Alors que la campagne de syndicalisation se poursuit, SWU établit des contacts entre travailleurs et travailleuses à travers le pays. Le jour où les travailleurs et les travailleuses de Mesa ont déposé leurs cartes auprès du NLRB, ils et elles ont rencontré via Zoom Colin Cochran, un membre de la SWU basé à Buffalo. Il leur a expliqué à quelles tactiques antisyndicales s’attendre. « Starbucks utilise le même livre de jeu partout, et nous en connaissons les tenants et les aboutissants, », a déclaré Cochran par e-mail. « C’est vraiment gratifiant de pouvoir aider d’autres magasins. »
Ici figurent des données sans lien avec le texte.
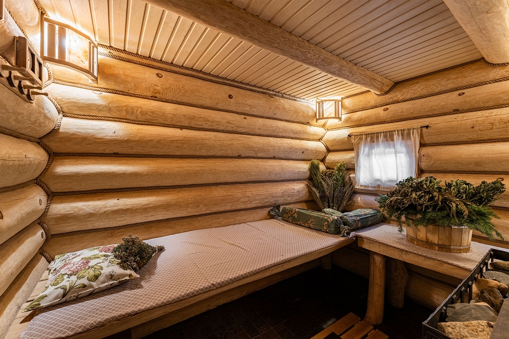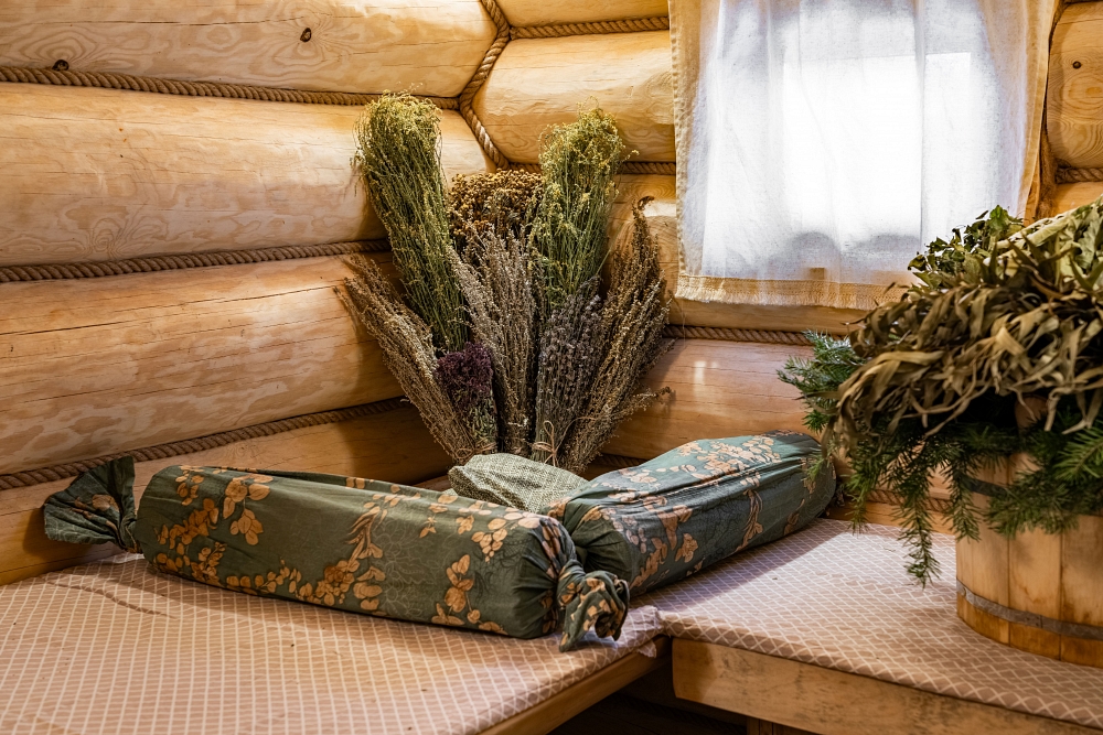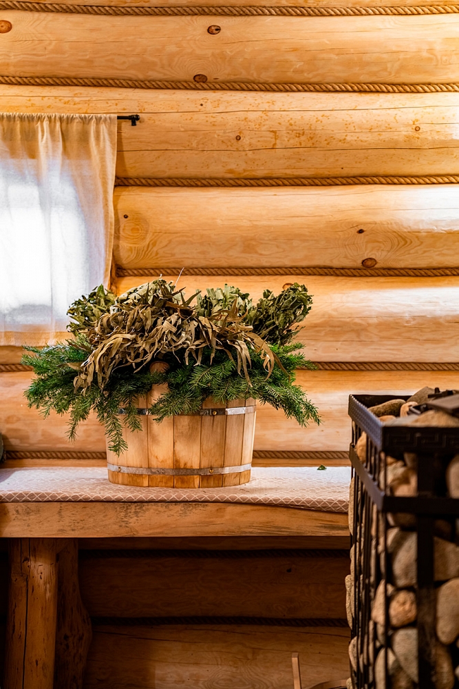 - Просторная парная с ароматными вениками из березы, дуба и эвкалипта.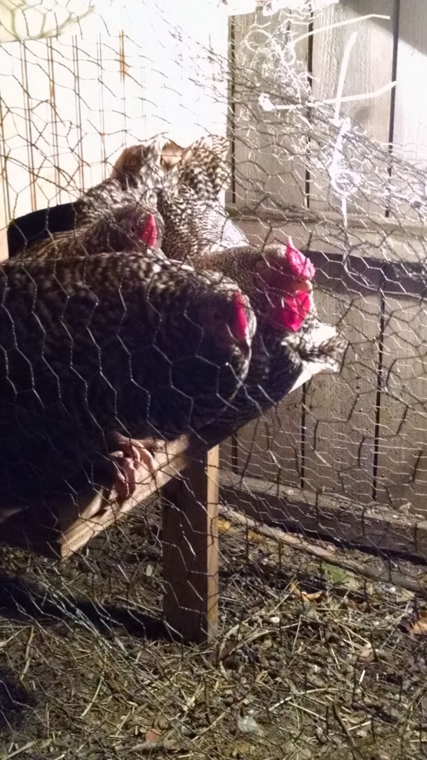 I asked for up to four hens. I was talked into taking a rooster and two hens--Dominiques.

Et parmi les travailleuses et les travailleurs de Mesa, raconte Alanna, le processus d’organisation a forgé un nouveau sens de la communauté. « Avant cela, les travailleurs et les travailleuses de nuit ne parlaient peut-être jamais aux travailleurs et travailleuses de jour. Maintenant, ils et elles sont tous et toutes sur le même chat de groupe, sortent ensemble pour manger, et assistent à des fêtes ensemble. J’ai travaillé dans quatre cafés magasins et je n’ai jamais ressenti ce genre de camaraderie auparavant. »

Dans quelques semaines après des élections, SWU saura s’il a réussi à reproduire les succès de Mesa et de Buffalo dans d’autres magasins dans d’autres parties du pays.